In essence, if you want more than hospital peer review, then you have to negotiate for more in your employment contract. Most important is to realize the fine line drawn between exclusion from a roster and revocation of your hospital privileges. In California, under Fenton, removal from a roster elevates your claim to a revocation of privileges. This is the exception to the rule-in most states your privileges may be left intact but you can be removed from the schedule at the discretion of the "closed" system contract manager. That means no peer review. The majority of states follow an "employment at will" doctrine, which means you can be taken off the schedule for a good reason, a bad reason, or no reason at all. In this scenario without a clause in your contract protecting your shifts, your privileges must be revoked in order to trigger the federal minimum requirements of due process. Once again, that means your situation may controlled by the quasi-judicial powers of a hospital-based peer review committee in regards to the granting or denial of hospital privileges. In the event that the peer review panel upholds the termination of your privileges, the only legal recourse you have in most states is if you can allege and prove malice or tortuous activity on the part of the hospital peer review panel.

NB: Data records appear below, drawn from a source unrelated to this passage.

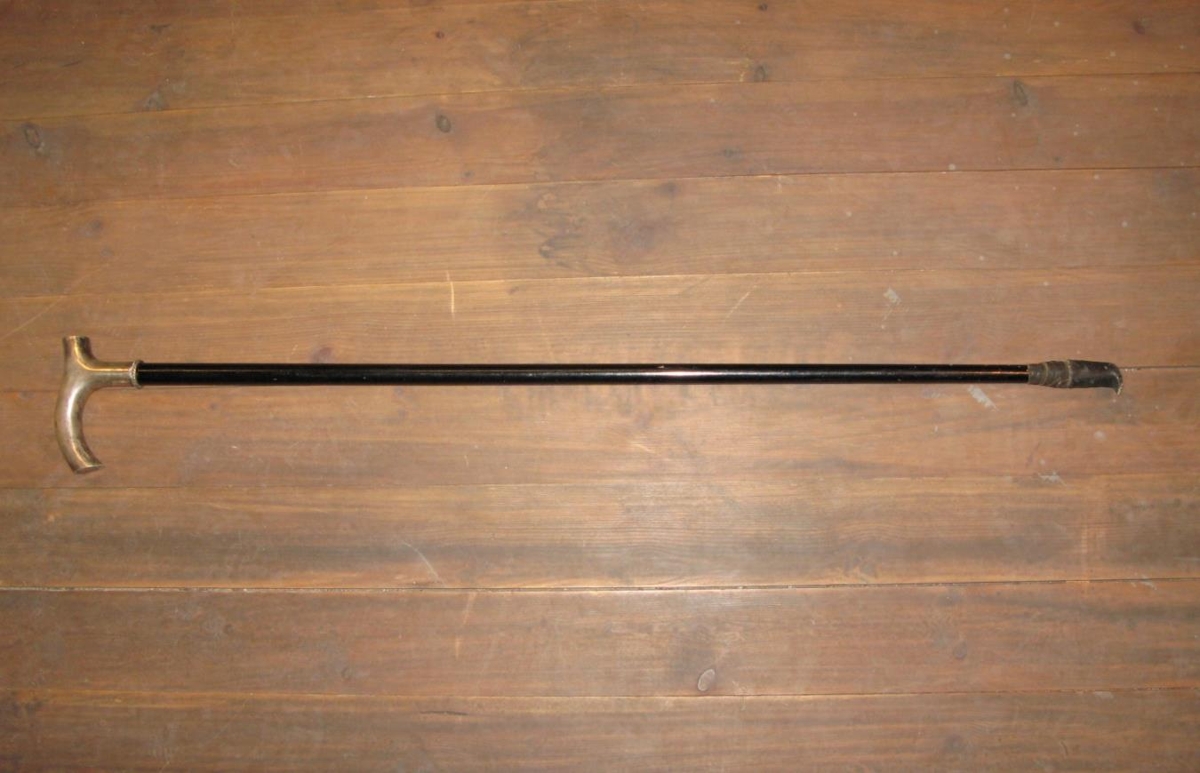 Silfurbúinn, svartur stafur, áletrun fremst á handfangi: "Guttormur Pálsson Hallormsstað". Aftan á "12.7.1954". Frá sveitungum. Úr búi Guttorms Pálssonar, skógarvarðar á Hallormsstað (f.12.07.1884, d.05.06.1964). Afmælisgjöf til hans sjötugs frá sveitungum.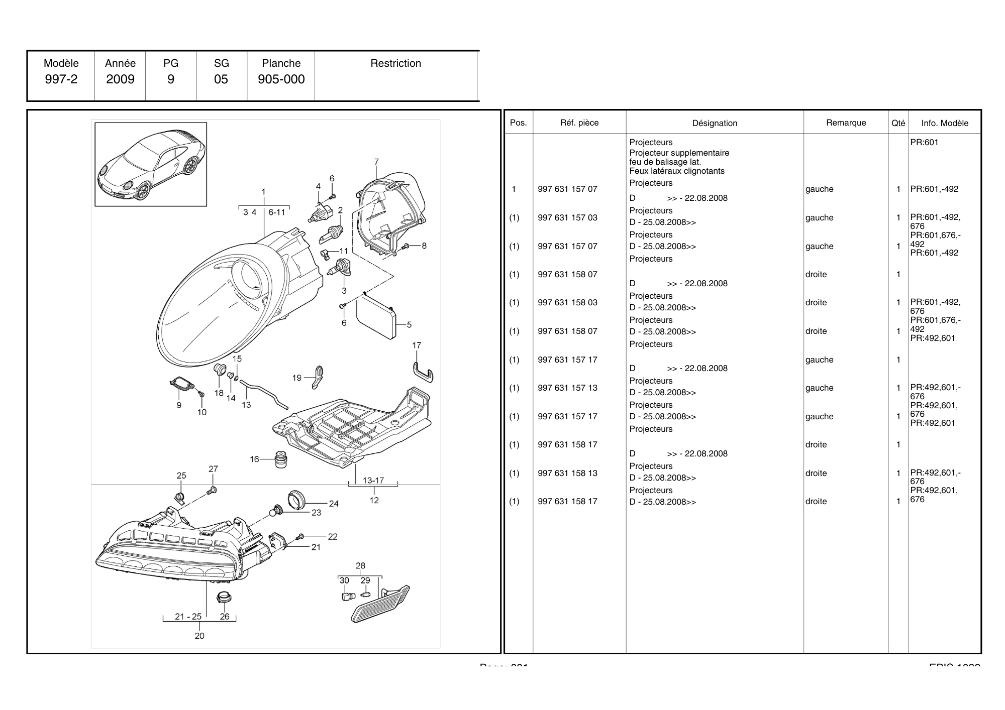 Phare avant gauche d’origine Porsche 997-2 disponible à la vente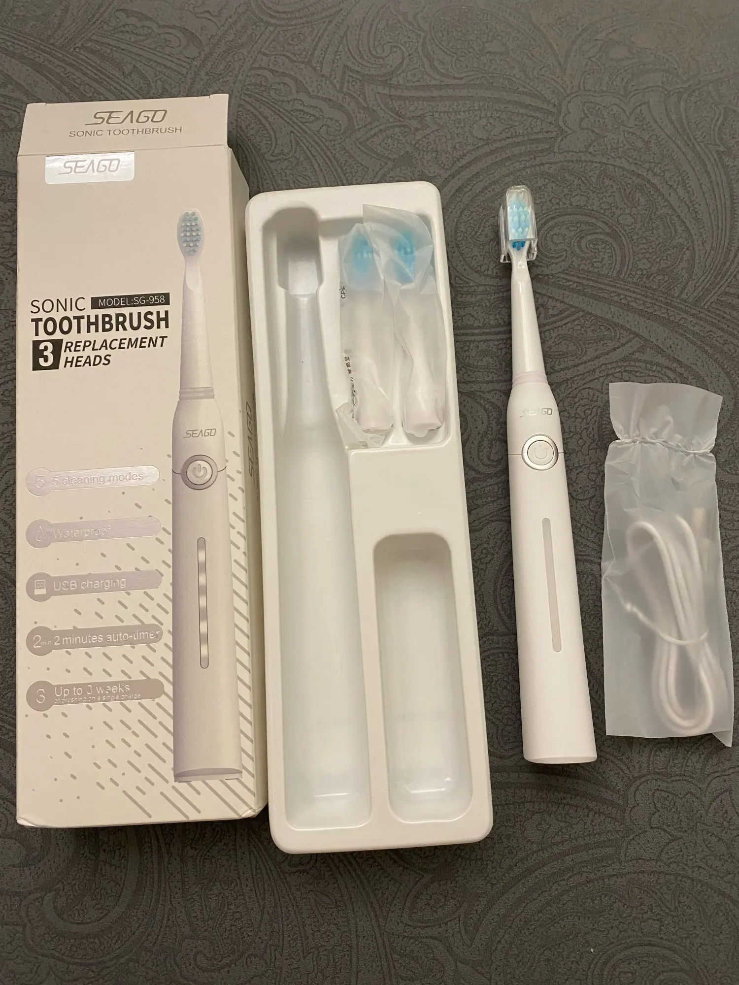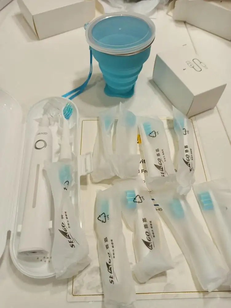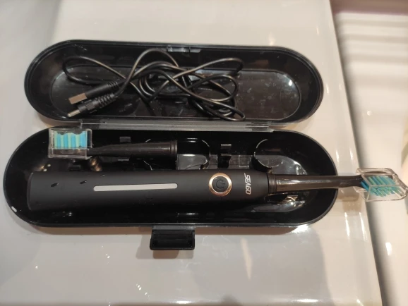 Заказывала за 1430₽ в распродажу. Пришло очень быстро! Все соответствует описанию. Это моя третья щетка фирмы SEGO. Первая до сих пор работает отлично! Брала ещё детскую на батарейках, тоже работает. Бонусом положили ещё 4 сменные насадки, итого 14 насадок получилось, за это спасибо, хватит надолго! Но косяк все же один есть, в контейнере отломался кусочек из-за чего теперь щетка в нем болтается(

Remember, in most contracts that you will be asked to sign, the contract holder can take you off the schedule and leave your hospital privileges intact. In other words, if you accept shifts and credentialing through a contract holder, you can be credentialed at a given hospital and yet not be given any shifts on the schedule if your contract holder deems it his or her will. The net result in this scenario is that you may not even be entitled to hospital peer review, unless your hospital privileges are revoked in the process of being terminated. You have to insert a clause in your contract to assure you of a certain number of shifts and provide for recourse in the event that these are denied.